La violence intercommunautaire s'est à nouveau déchaînée dans le centre du Nigeria, où plus de 500 habitants de villages chrétiens ont été massacrés ce week-end dans menées par des éleveurs musulmans, ont déclaré lundi les autorités.

Des dizaines d'étudiants ont manifesté lundi à Jos, capitale de l'Etat du Plateau, scandant "Non au génocide", "nous voulons la paix dans l'Etat du Plateau".

Le Vatican a réagi en exprimant "douleur et préoccupation" face à d'"horribles faits de violence".

Son porte-parole, le père Federico Lombardi, a toutefois refusé d'en faire un conflit religieux, renvoyant à la position de l'archevêque d'Abuja, Mgr John Onaiyekan, qui a déclaré qu'"on ne se tue pas à cause de la religion, mais pour des revendications sociales, économiques, tribales, culturelles".

 

Les attaques, coordonnées selon des témoins, ont été menées dans la nuit de samedi à dimanche dans trois villages au sud de Jos, capitale de l'Etat du Plateau, où les violences ethniques et religieuses sont récurrentes.

En trois heures, des centaines de personnes, dont de nombreuses femmes et des enfants, ont été massacrées, tuées à la machettes et brûlées, selon les témoins qui ont décrit de véritables scènes d'horreur.

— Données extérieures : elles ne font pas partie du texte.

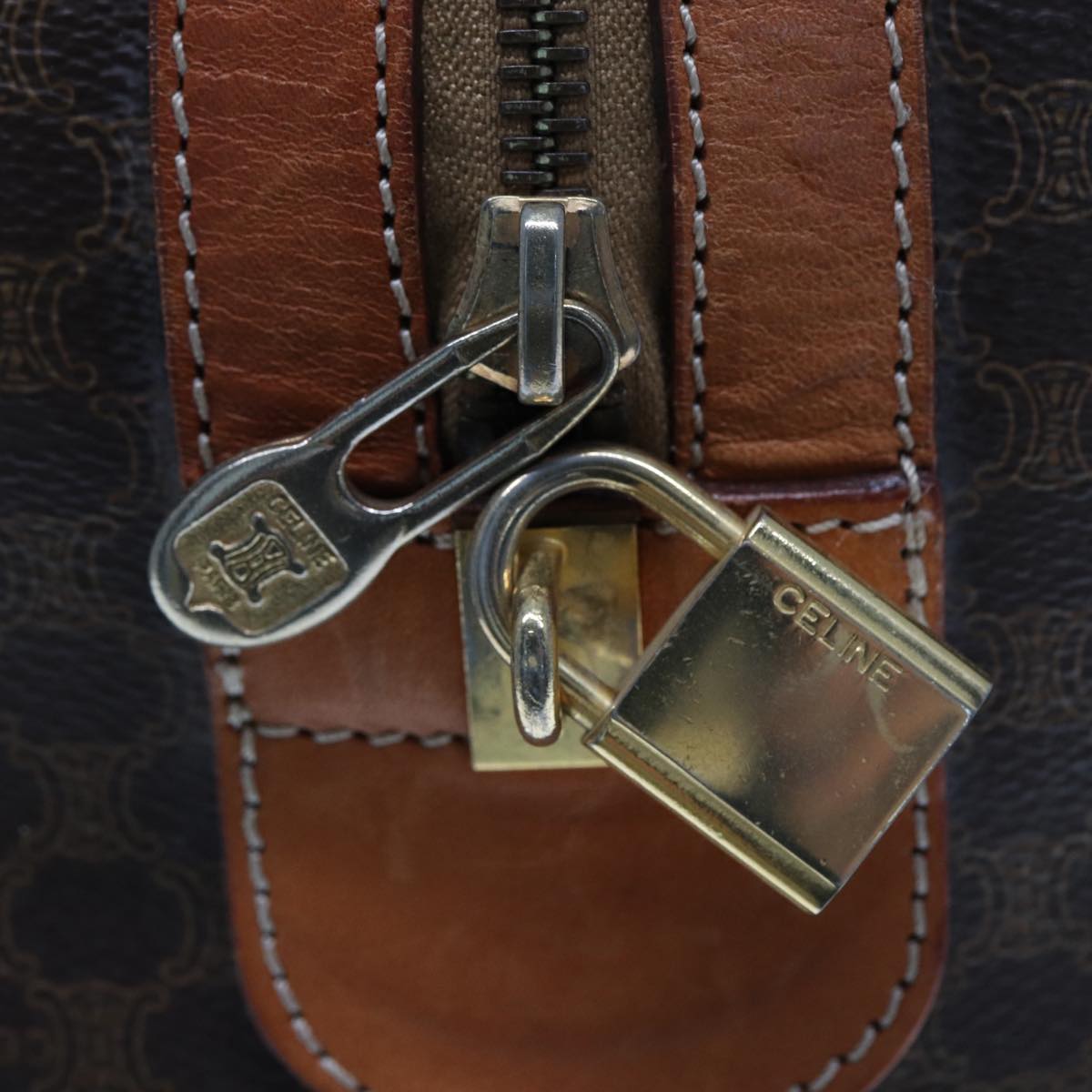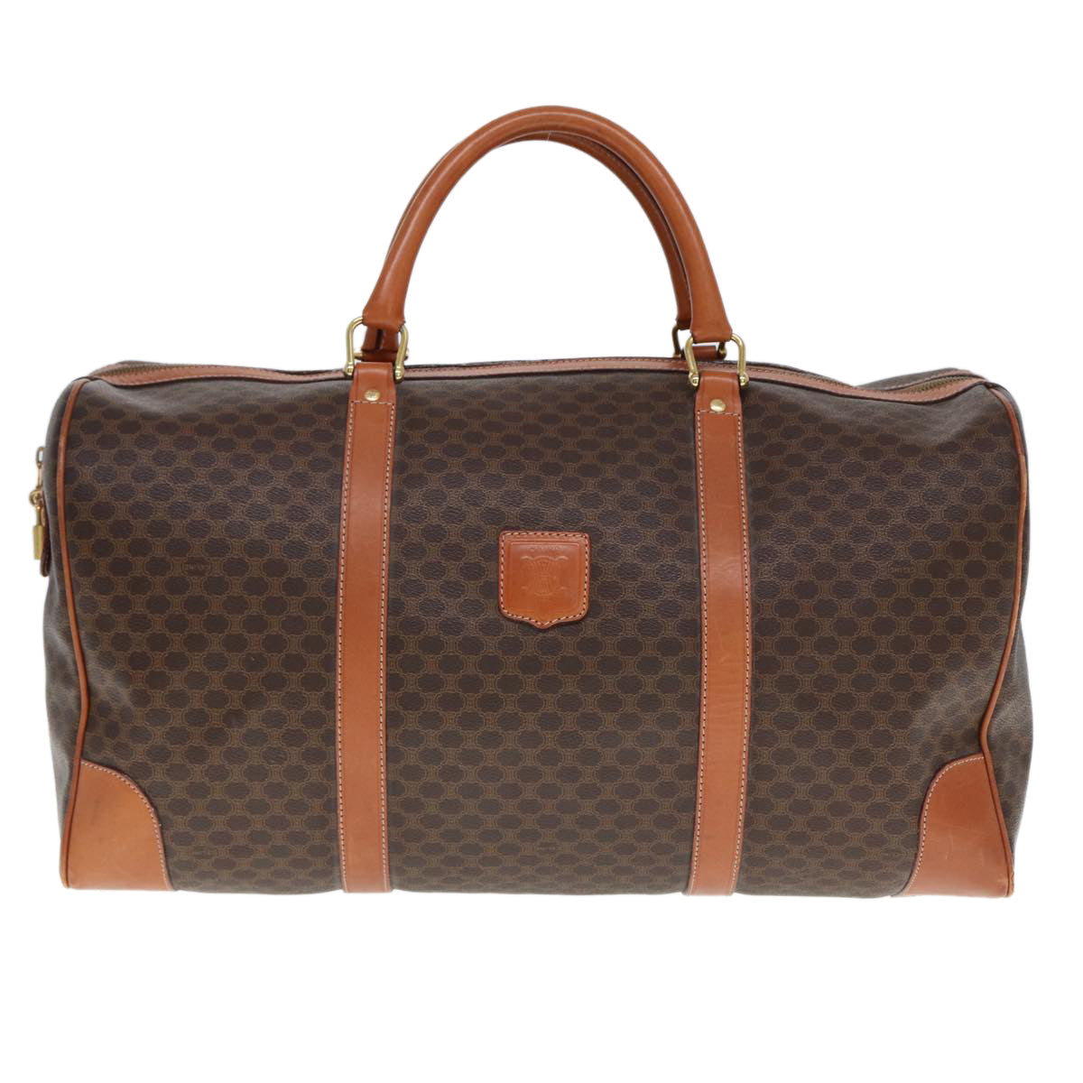 Celine Macadam Canvas Boston Bag PVC Leather Brown 77390

Toutes les forces de sécurité de l'Etat du Plateau et des Etats voisins ont été placées en alerte maximum dimanche soir sur ordre du président par intérim Goodluck Jonathan.

"Plus de 500 personnes ont été tuées dans cet acte abominable perpétré par des éleveurs Fulani", a affirmé lundi à l'AFP le responsable de la communication du Plateau, Dan Majang, ajoutant que 95 personnes avaient été arrêtées après l'attaque.

Peter Gyang, un habitant de Dogo Nahawa, le village le plus touché, a perdu sa femme et deux enfants, et a raconté à des journalistes: "ils ont tiré des coups de feu pour effrayer les gens et les ont ensuite tués à la machette".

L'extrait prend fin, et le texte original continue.